After we have finished the worksheet, I ask my students how this compares to Earth. I want students to understand that planet Newtonia has less acceleration due to gravity so that means that there is not as great of a pull toward the planet as on Earth. I also want students to look closely at the picture and I ask them how they know it is accelerating. Most students are able to see that the distances get greater each second so the ball must be accelerating. I tell them that this is important when we talk about free fall that they understand that each second an object falls in falls a greater distance.
Free Fall Worksheet
After we have finished completing the Planet Newtonia worksheet, I ask students to turn to Worksheet #4 Free Fall Worksheet in their packets. At the top of the page, I go over and write the equations that they could possibly use by asking students what we could be looking for (ex. how long?, how far?, etc.). After students have finished listing all of the possible equations to use, I remind them that in the free fall equations unless otherwise stated the acceleration due to gravity is 10 meters per second squared because the problems are occurring on the Earth.

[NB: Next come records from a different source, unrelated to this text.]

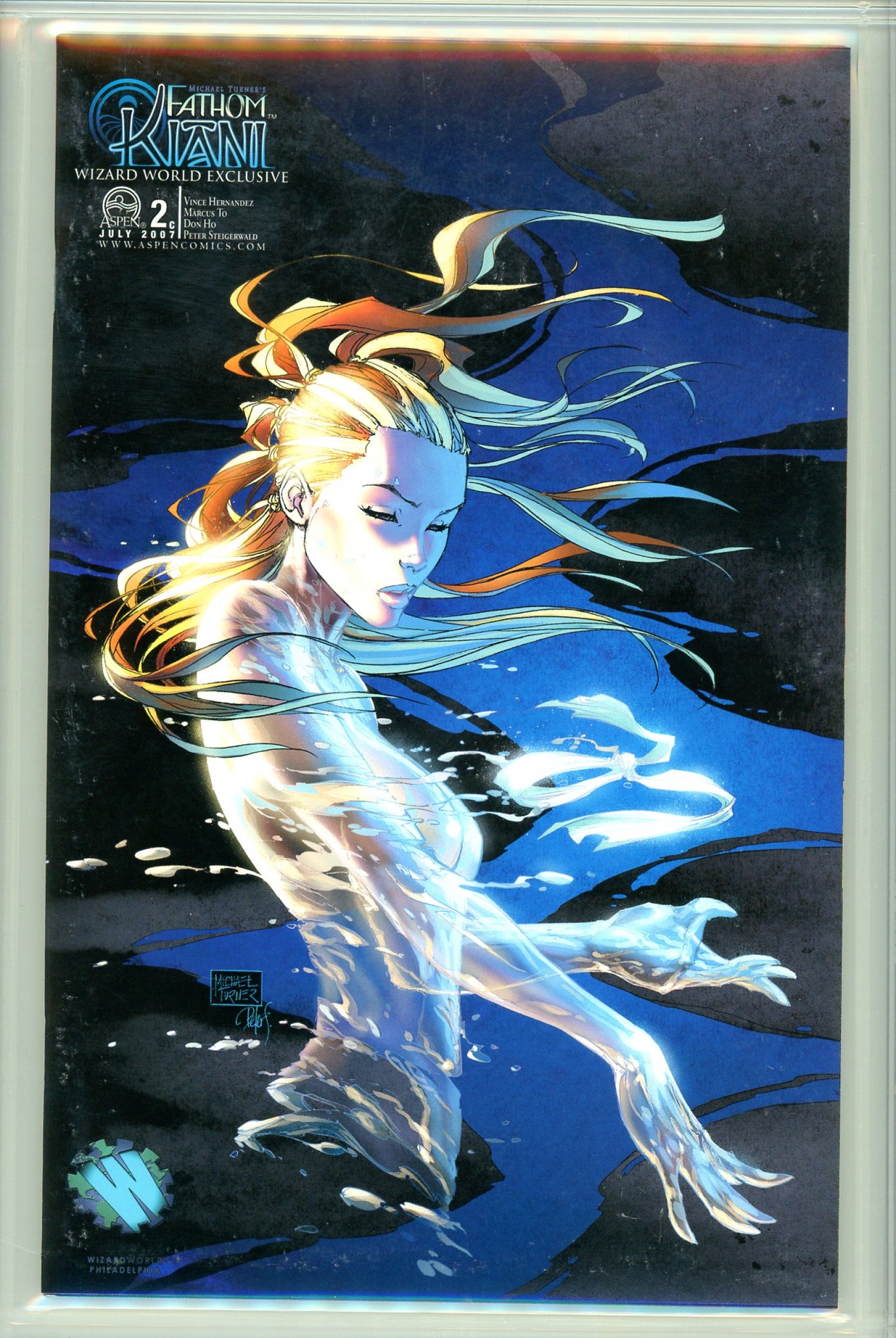 NOTE: there is a small piece of plastic at the back label on the left hand side (see image) - WIZARD WORLD PHILADELPHIA EXCLUSIVE 2007 - Aspen (publisher); 2nd highest graded (one graded higher); WIZARD WORLD EAST CON EDITION; Vince Hernandez story; Marcus To and Don Ho art; Michael Turner and Peter Steigerwald cover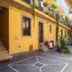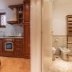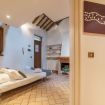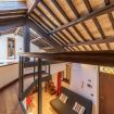 Few steps away from the popular daily outdoor market at Campo de’ Fiori, CieloTerra is conveniently situated in one of the most charming district of central Rome. From the balcony on the second floor (without elevator) of an ancient building, it overlooks a picturesque courtyard. It is a duplex apartment with a cozy living room downstairs, including a brick fireplace and a sofa bed for two, and a master bedroom under the skylighted wooden beams ceiling. There are a small but well equipped kitchen and a bathroom with a large shower on the lower level.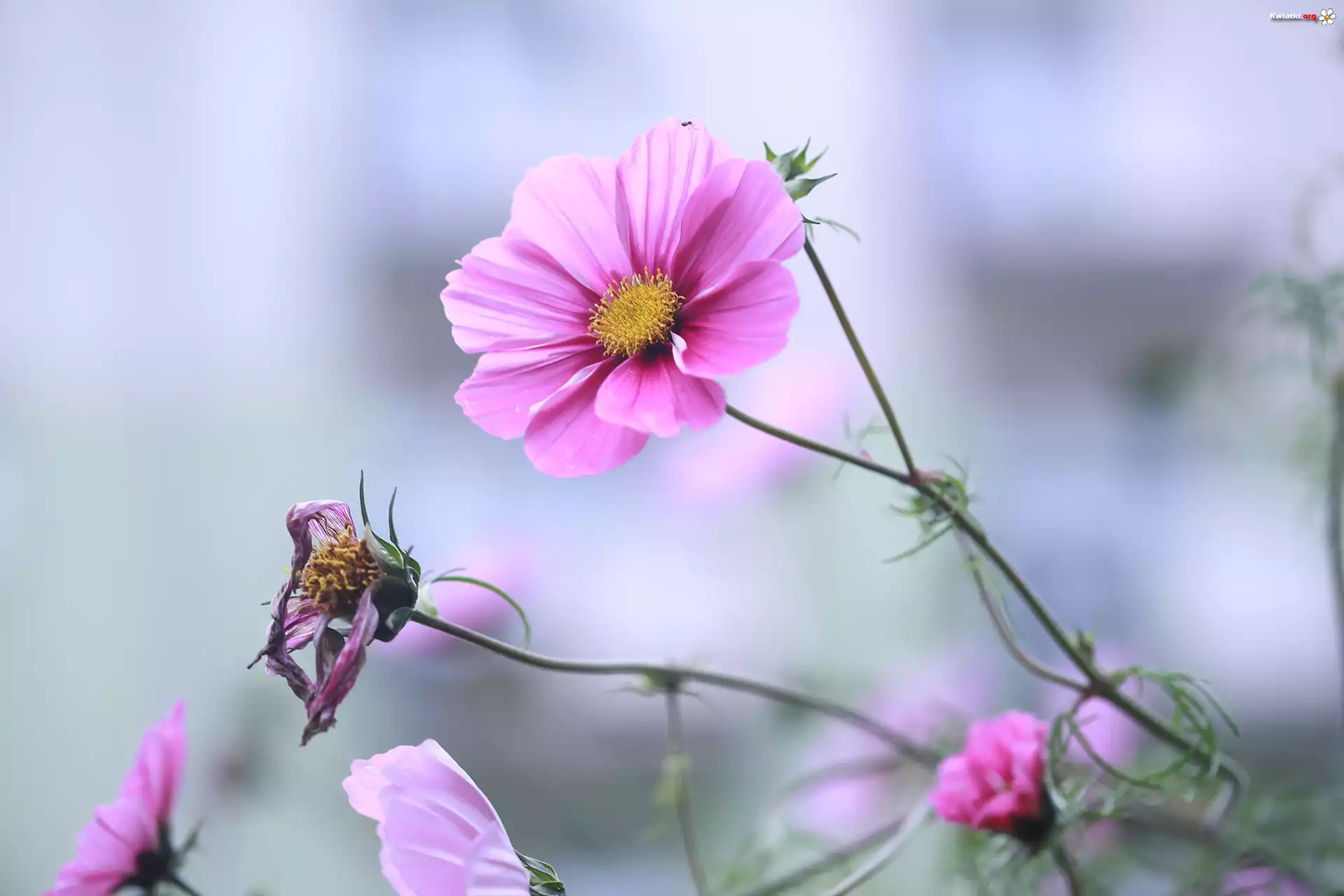 Różowa, Kosmea, Kwiaty, Zbliżenie - Zdjęcia
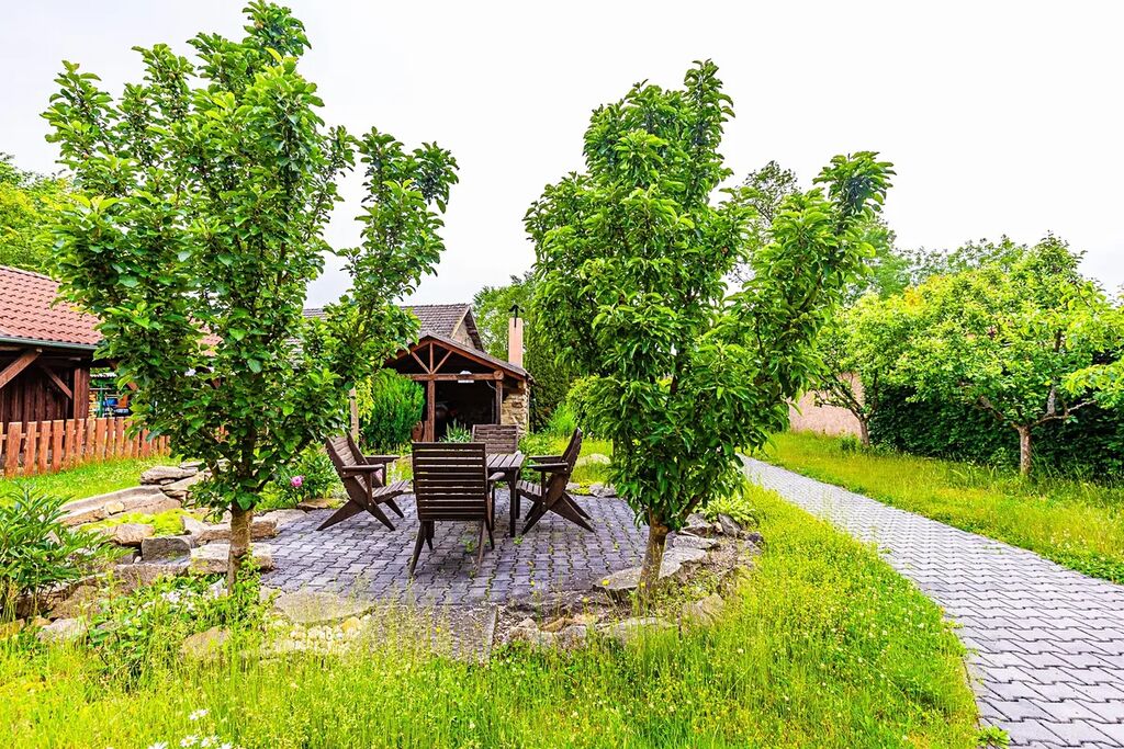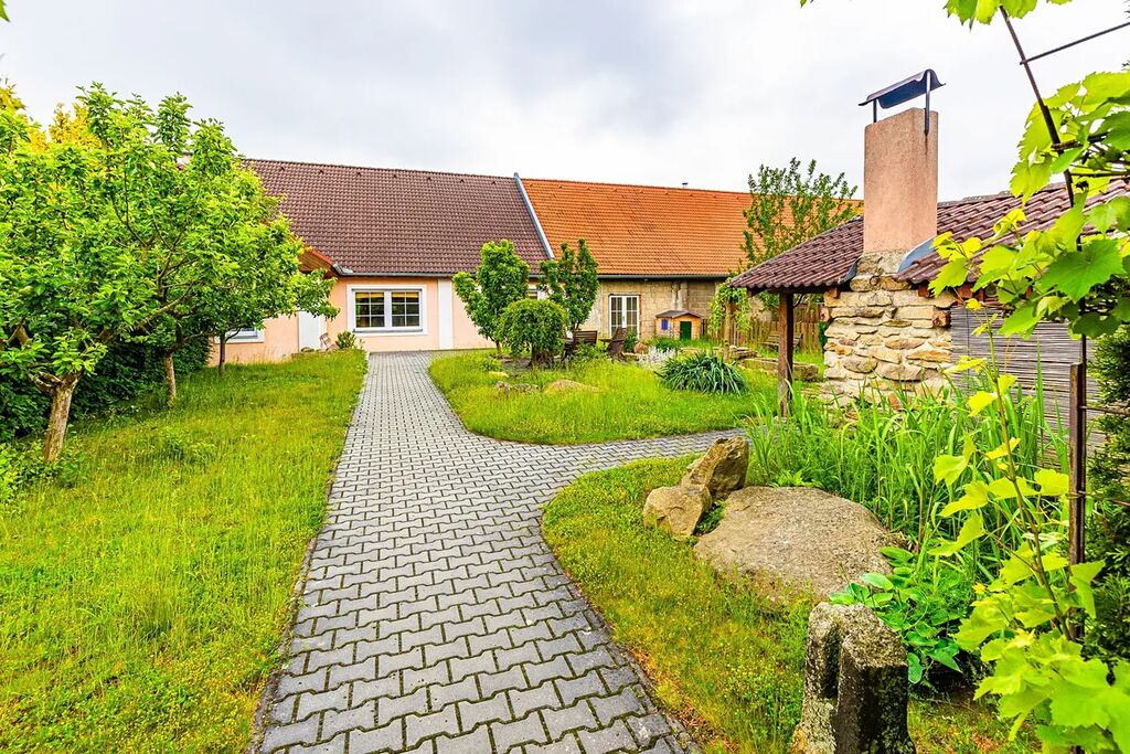 V malebném kraji rybníků, kousek od starobylého města Jindřichův Hradec a CHKO Třeboňsko v malé obci Horní Skrýchov se nachází menší rodinný dům s krásnou zahradou a stodolou.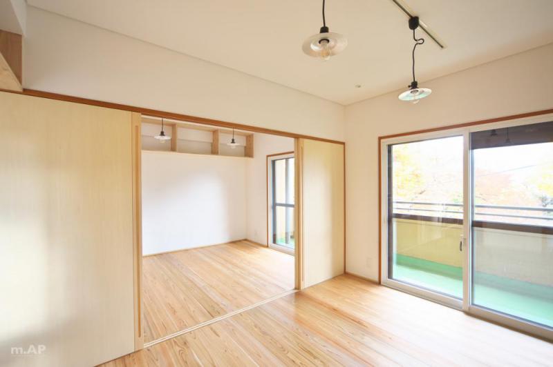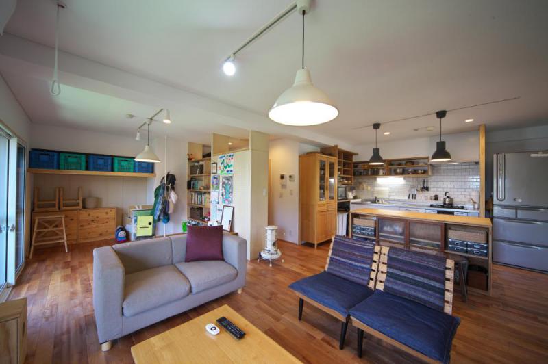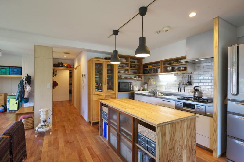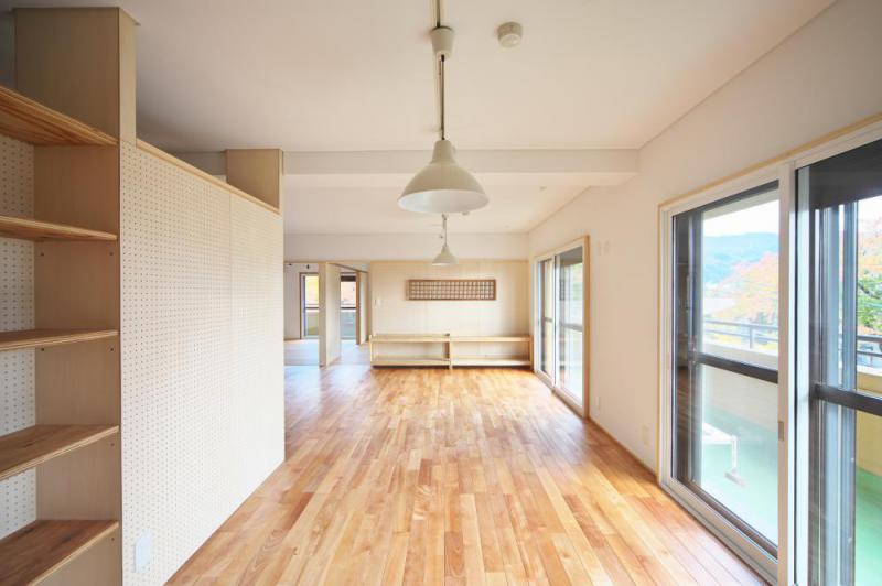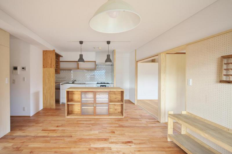 〈とおかまち住処 ―マンションリノベーション―〉 設計データ■所 在 地 :山形県山形市■用 途:マンション住戸■構造規模:鉄筋コンクリート造/地上11階建て(1990.03竣工)■住戸占有面積:77.57u(23.4坪)■設 計:2015.05〜2015.07■工 期:2015.09〜2015.10■設計監理:葛燗熄泄F設計工房■施 工:升川建設梶。撮 影:長岡信也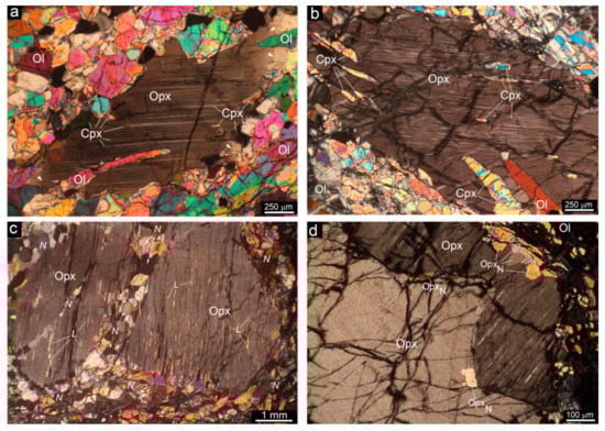 Structural and morphological features of pyroxene grains in lherzolites from Kempirsay massif: (a,b)—Deformation of Opx porphyroclast according with impregnation along shear zones olivine and diopside, and a deformation-indused formation of lamellae and neoblasts of diopside and pargasite (a—sample 7087, b—sample 016/1108.5); (c)—Deformed Opx porphyroclast with abundant lamellae (L) of diopside, pargasite, spinel, and a neoblast cluster (N) along shear zones (arrows) (sample 820/300); (d)—Initial stage of neoblast formation along blocks boundary and close to grain edges in deformed Opx grain (sample 809/347). Cpx—clinopyroxene.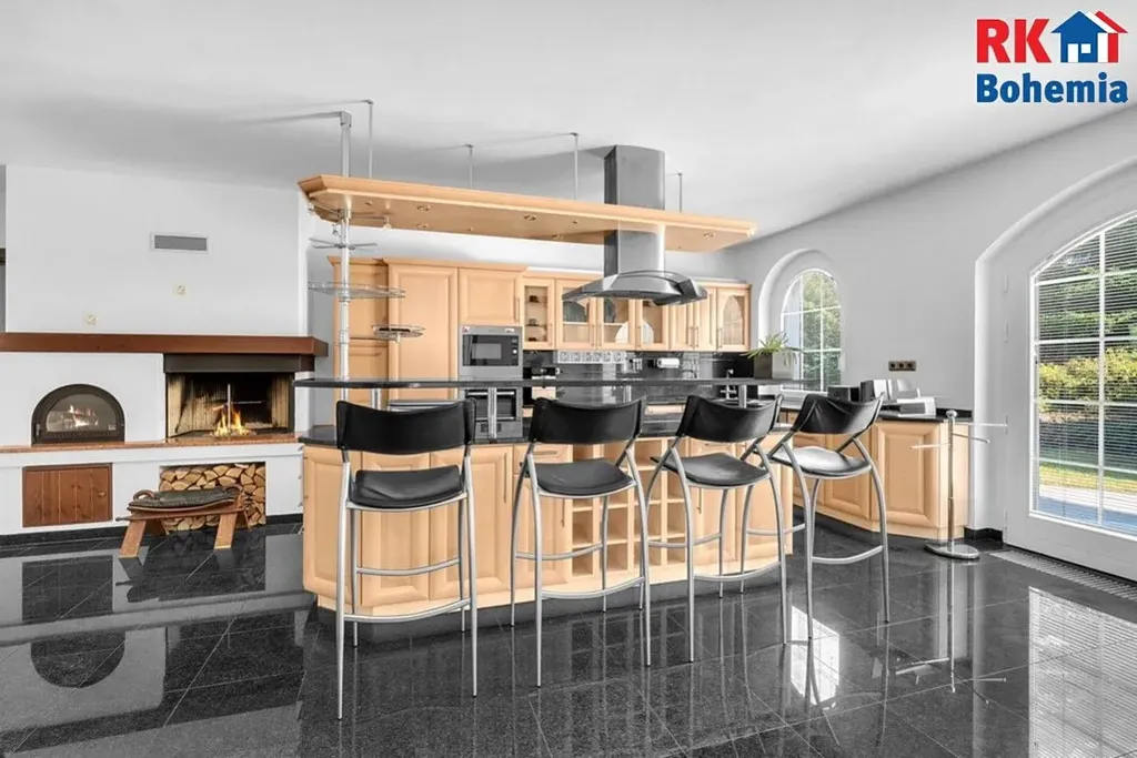 Výhodou elektrocentrálu na benzin s automat.startem, která napájí veškeré osvětlení, zásuvky, vjezdovou bránu a garážová vrata. V kuchyni je GRIL na dřevo a dřevěné uhlí + pec na pizzu na dřevo a v obývacím pokoji velký krb na dřevo a to vše funguje bez elektřiny.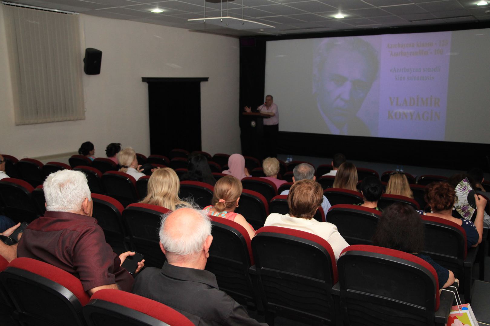 Далее заслуженный деятель искусств, профессор Рафиг Гулиев рассказал о совместной работе с Конягиным, подчеркнув, что тот помог овладеть ему профессиональными навыками в области операторского искусства.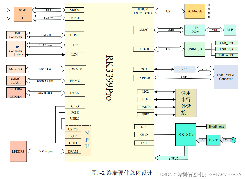 根据对 5G 移动医疗终端系统应用需求分析后,设计基于 RK3399Pro 处理器 的终端系统总体结构如图 3-2 所示。终端以瑞芯微 RK3399Pro 处理器作为主处理 单元,通过配置内存、存储、电源以及多种外设接口,使终端具备一个全功能的 医用物联网网关的硬件配置。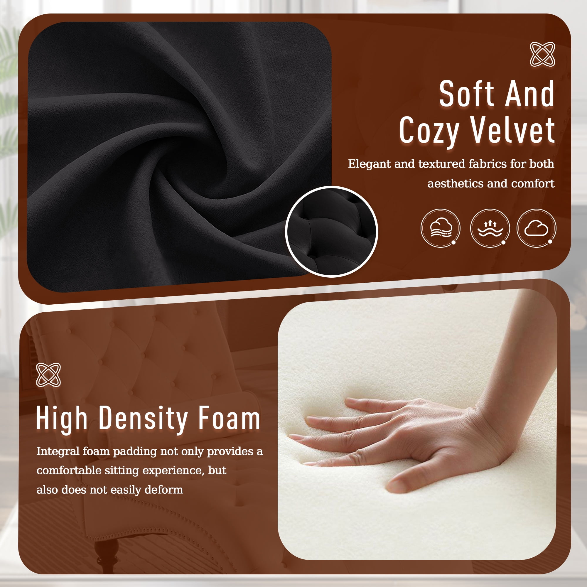 Features & Specifications: Ergonomically designed comfort Filled with high rebound sponge Upholstered with soft velvet fabric Appearance adopts a special tufted button design Sturdy wood leg Easy to put together Color: Beige/Gray/Black/Pink Chair: 58.27″L x 26.77″W x 33.86″H Seat Depth: 43.31” Seat Width: 26.77″ Seat Height: 15.75” Weight Capacity: 300lbs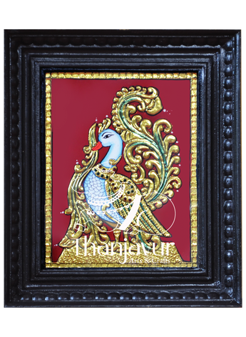 This exquisite Tanjore painting features a majestic peacock, symbolizing beauty, grace, and prosperity. The artwork is a harmonious blend of intricate detailing, vibrant colors, and rich embellishments, making it a timeless masterpiece. The peacock, adorned with shimmering gold foil and intricate patterns, stands as a symbol of purity and elegance, adding a divine charm to any space.

I allow students to have some structured work time where they get to work with their groups to answer the 8 problems that are on the worksheet. As students are working, I walk around the room to assist and to make sure that students are on task. I ask students to ask their group members to help them first before asking me because I think that it is better for their peers to learn more by helping other students solve problems. I give students the rest of the period to work on the worksheet.
To end class, I remind students that whatever they did not finish is homework and we will go over it with WS #4 KEY in the next class. Then, I ask students to give me a thumbs up or thumbs down of how they feel about solving problems concerning free fall so that I can get a feel of where my students are at going into the next class.